I knew to get my 15" length of board that I would need about 21 pieces. 15/.75=20 rounded up to 21 to account for the thinner pieces.

Now it's time to play with the patterns.










For those of you new to endgrain cutting boards, every second piece is basically flipped end for end.




























So after May arrangements, I finally came up with one I liked. 

So... Once again, another glue up.










The next day after it dried a full 24 hours, I used a sled sort of thing to route off the excess glue and get it to a level playing field. I was able to shim up where I needed then used a flat bottom router bit to slowly get it level.










It seems to work pretty good with minimal tear out as long as you only remove a little material at a time 1/16th"


Before routing









After routing
But not up to close, sorry about that.









So after that I put it through my drum sander, actually my first project to be used with it. I ran a scrap piece of wood through it a couple times just to get a feel for it though.

Really impressed with it



















Once that was finished, I went through the grits with a hand sander to remove some sanding lines, working through 220grit.

I then cut the edges off to square it up nicely and ran in across the router table with a 3/16 round over to ease the edges.

The used 3 grits of sand paper upto 220 on edges.

And lastly, I'm in the process of using Kenbo's mineral oil/wax combo to treat it



















It'll be many coats until I wrap it for Christmas, and hopefully many more over the years to come.

Hope you enjoyed, and have a great Christmas


----------



## mengtian (Nov 8, 2012)

Very nice...I need to make one someday


----------



## nmacdonald (Jan 13, 2012)

Here is a very quick video running the cutting board through the drum sander.

http://youtu.be/-qDn1EQNg_Y


----------



## hwebb99 (Nov 27, 2012)

Drum sanders are sweet. I have made about 15 cutting boards this Christmas. I flattened them all with my drum sander. Btw if you had a drum sander why did you use a planer to flatten the first glue up, and router sled to flatten the second?


----------



## difalkner (Nov 27, 2011)

Very nice cutting board and nice build photos (how'd you get 18 photos in one post???). I need to make a few of that size and will probably refer to this several times. Thanks for the 'how to'!

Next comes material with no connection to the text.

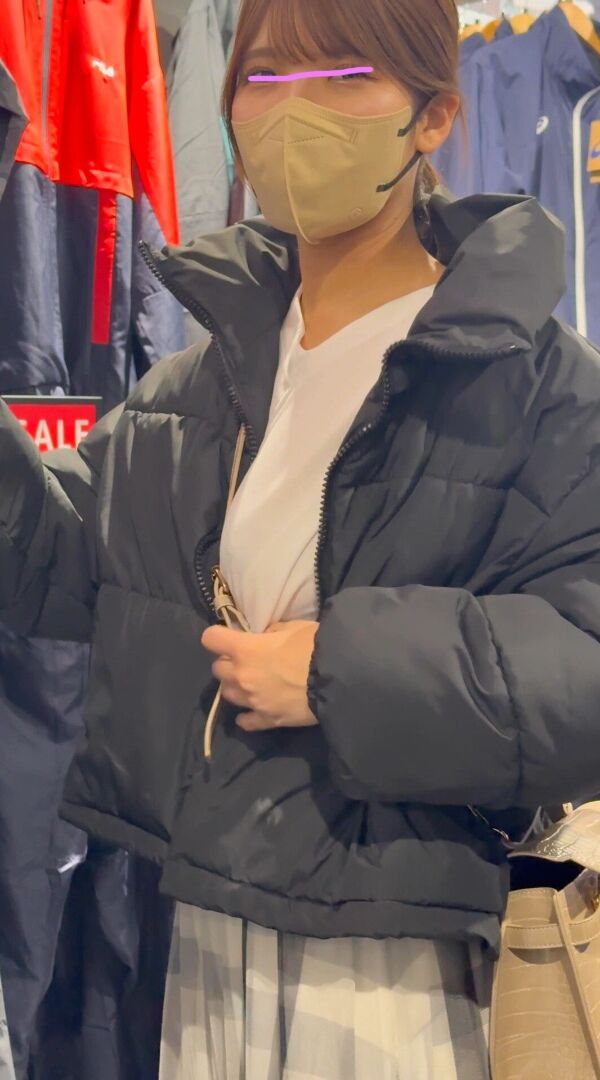 ダウンジャケットのジップを下ろしていくお姉さん。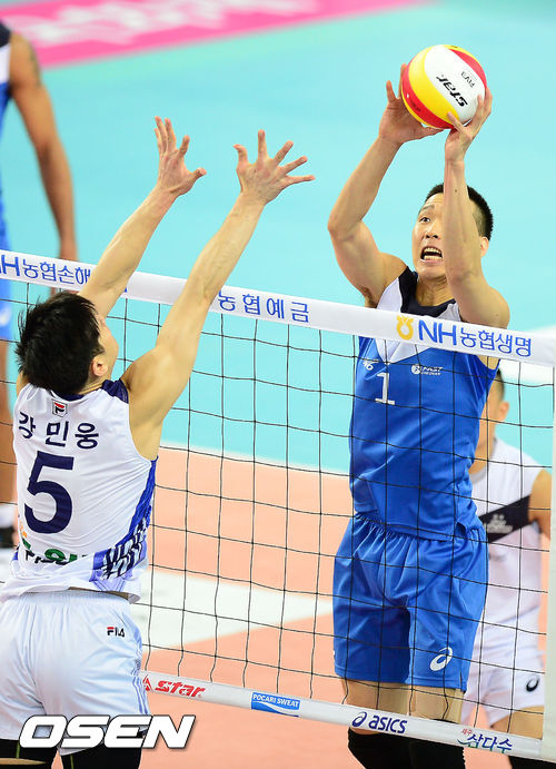 2일 오후 인천 계양체육관에서 열린 '2013-2014 NH농협 V리그' 남자부 대한항공 점보스와 현대캐피탈 스카이워커스의 경기, 현대캐피탈 임동규가 연타를 넣고 있다.

We made small 28 cutting boards this year with a slightly different process but still fun to do - http://www.woodworkingtalk.com/f13/build-thread-small-cutting-boards-66624/


----------



## nmacdonald (Jan 13, 2012)

hwebb99 said:


> Drum sanders are sweet. I have made about 15 cutting boards this Christmas. I flattened them all with my drum sander. Btw if you had a drum sander why did you use a planer to flatten the first glue up, and router sled to flatten the second?

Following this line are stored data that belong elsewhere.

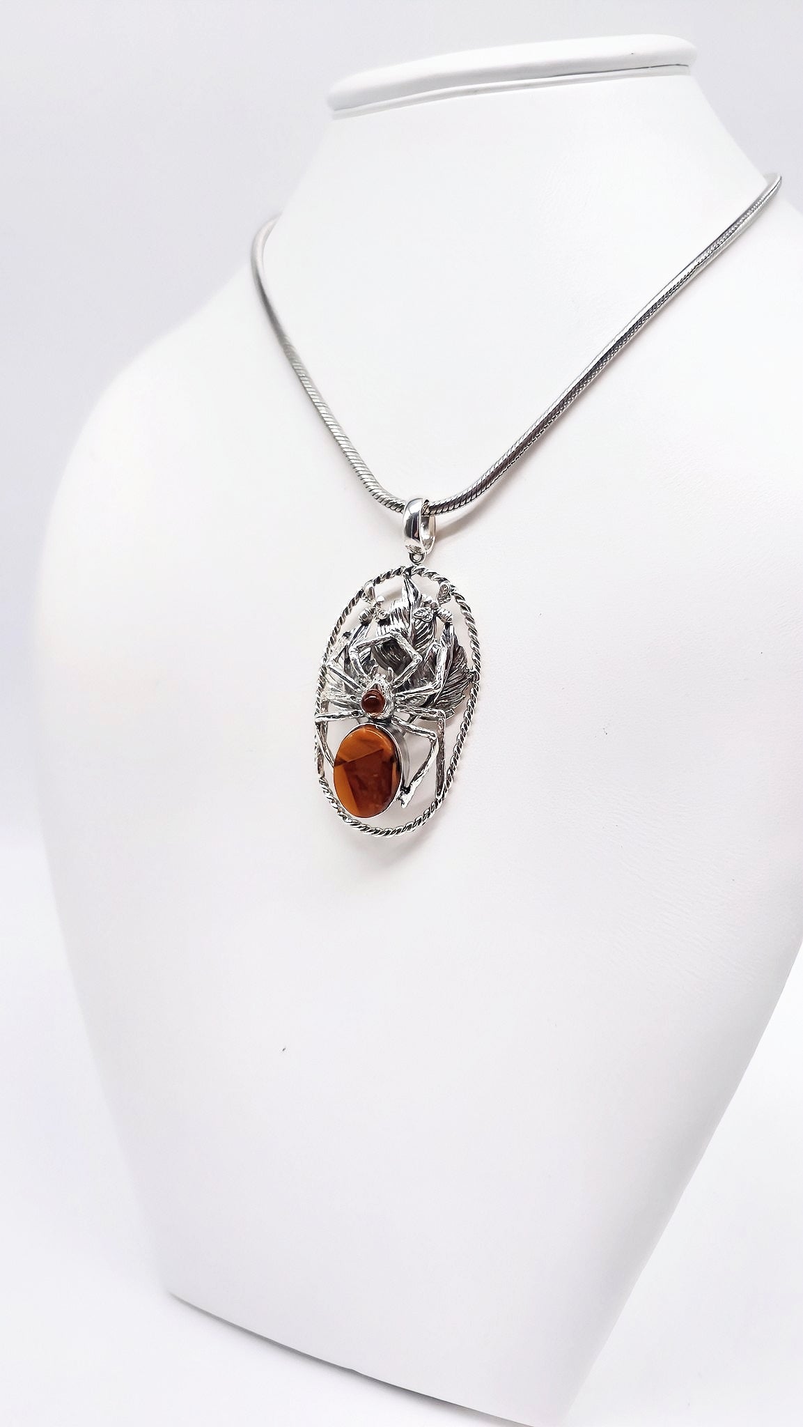 Mystischer Anhänger Spinne – 925er Silber & Bernstein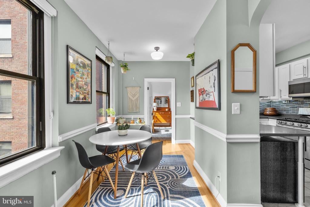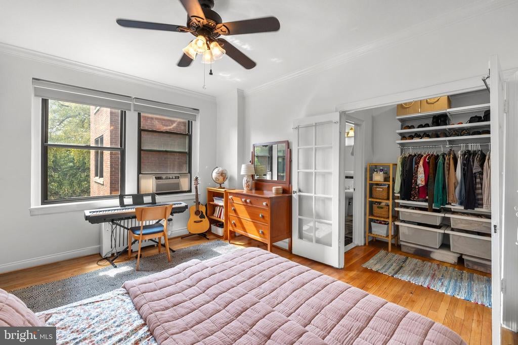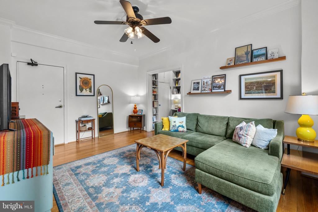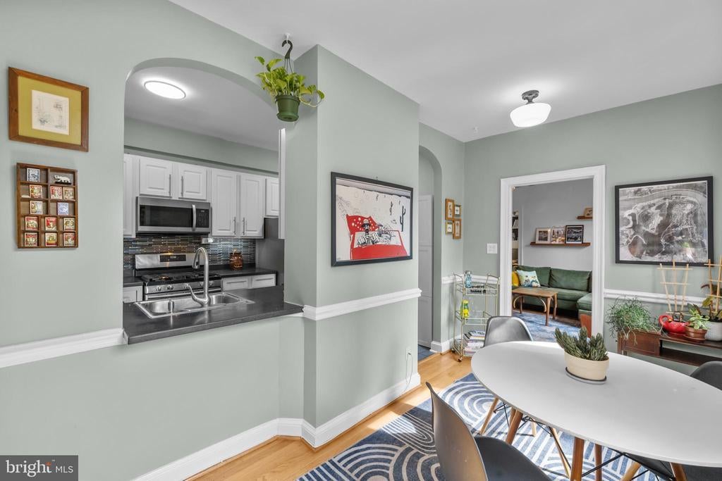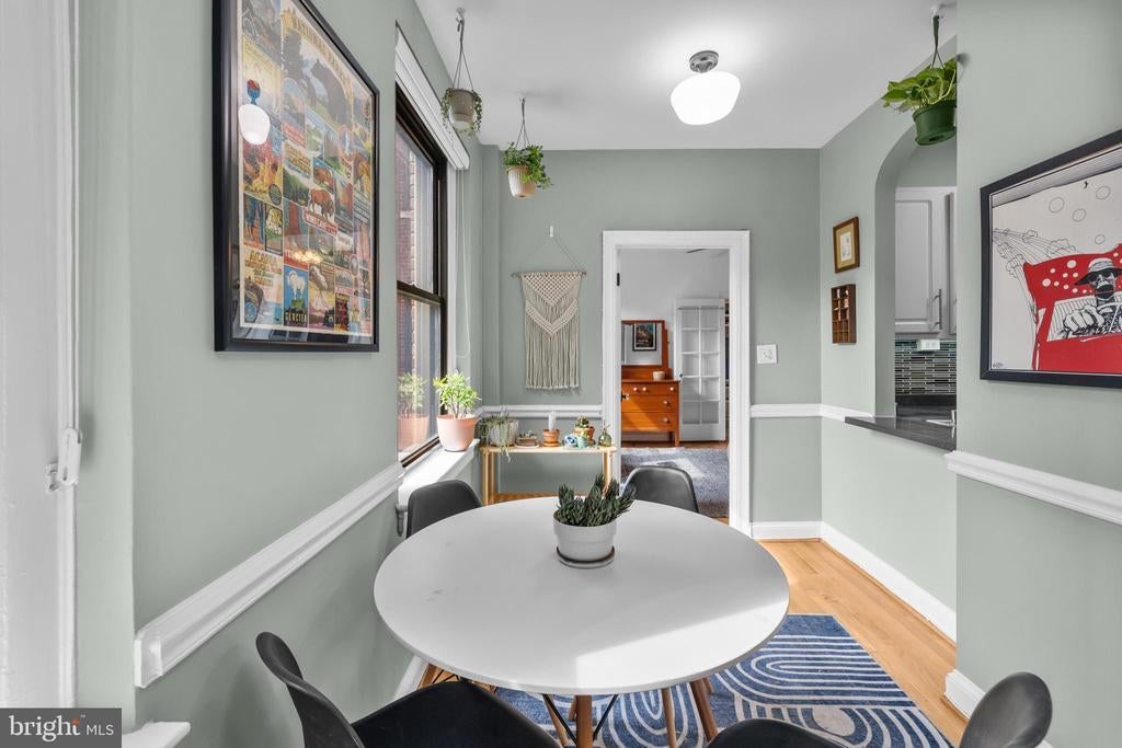 Sellers have requested that all offers be submitted by Mon @ 7:00 pm and reserve the right to accept one prior to that point. Welcome to Tilden Court, a classic 1930's building prominently situated on Connecticut Avenue just 2 blocks to the Van Ness metro. Classic original features like the 9-foot ceilings, crown molding, glass door knobs, arched kitchen openings, hardwood floors, and oversized windows were maintained after the building's conversion to condos in the early 2000s. With on-site building management, a well-equipped gym, large bike room, private storage units, a recently replaced boiler and a bright common area laundry room, the condo fee is extremely low at $.52 per ft ($390 per month / 751 sq ft) and even includes high speed internet from Astound. The only utility bill you are responsible for is electric. Living at Tilden Court also means you are just down the street from the new MOM'S Organic, have easy access to Rock Creek Park, and can enjoy a beautiful stroll down to Cleveland Park. Ok, ok enough about the beautiful building and amazing local amenities. This unit is truly unique in that it is 2 combined studios that have created an enormous chef's kitchen (with laundry hookup), an oversized dining room with sunny SW exposures and 2 full baths on opposites sides of the floorplan. In the bedroom, a custom Elfa walk-through closet leads to a classic ensuite bath. There is also an inviting office with built-in bookshelves that is just off of the light-filled living room and guest bath. This home is truly 1 of 1! Mortgage savings may be available for buyers of this listing.
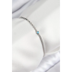 Pirinç Zirkon Taşlı Mavi Boncuklu Model Gümüş Renk Kadın Bileklik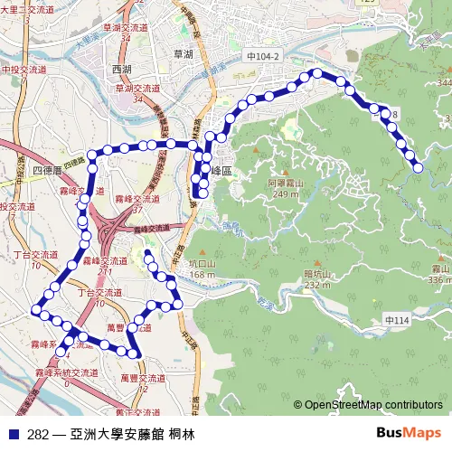 Bus 282 - 亞洲大學安藤館 桐林: Full Schedule in Zhongxing New Village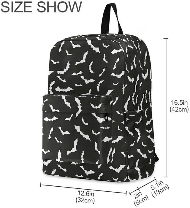 ZzWwR Stylish Bats Halloween Pattern Polyester Computer Backpack Large Daypack for Business Sport Travel School Bookbags

First time using the sander so I did not want to gum up the sandpaper with glue squeeze out and only have 120g and 150g so not going to be as smooth as having run it through the planner


----------



## nmacdonald (Jan 13, 2012)

difalkner said:


> Very nice cutting board and nice build photos (how'd you get 18 photos in one post???). I need to make a few of that size and will probably refer to this several times. Thanks for the 'how to'! We made small 28 cutting boards this year with a slightly different process but still fun to do - http://www.woodworkingtalk.com/f13/build-thread-small-cutting-boards-66624/


 Lol. I knew never it wasn't possible. I used the iPad app and uploaded a photo when I wanted it to appear by hitting advanced, upload from photos; then once uploaded, hit the arrow on right side of picture and hit insert inline. Awesome job on the 28 boards, they turned out great


----------



## difalkner (Nov 27, 2011)

nmacdonald said:


> Lol. I knew never it wasn't possible. I used the iPad app and uploaded a photo when I wanted it to appear by hitting advanced, upload from photos; then once uploaded, hit the arrow on right side of picture and hit insert inline. Awesome job on the 28 boards, they turned out great


Thanks, it was a fun build. 

I post from my computer and 5 photos is all I can post at a time unless I link to photos stored somewhere else. Oh, well, just curious.


----------



## Masterjer (Nov 6, 2012)

Is it just me, or does the pattern look like a weight lifter doing a set of squats?


----------



## Travico (Dec 25, 2012)

That is a SUPER build and thanks for the info.


----------



## Bleedinblue (Mar 4, 2014)

They look awesome, nice job.


----------



## Chamfer (Sep 6, 2014)

Nice chop board you got there!


----------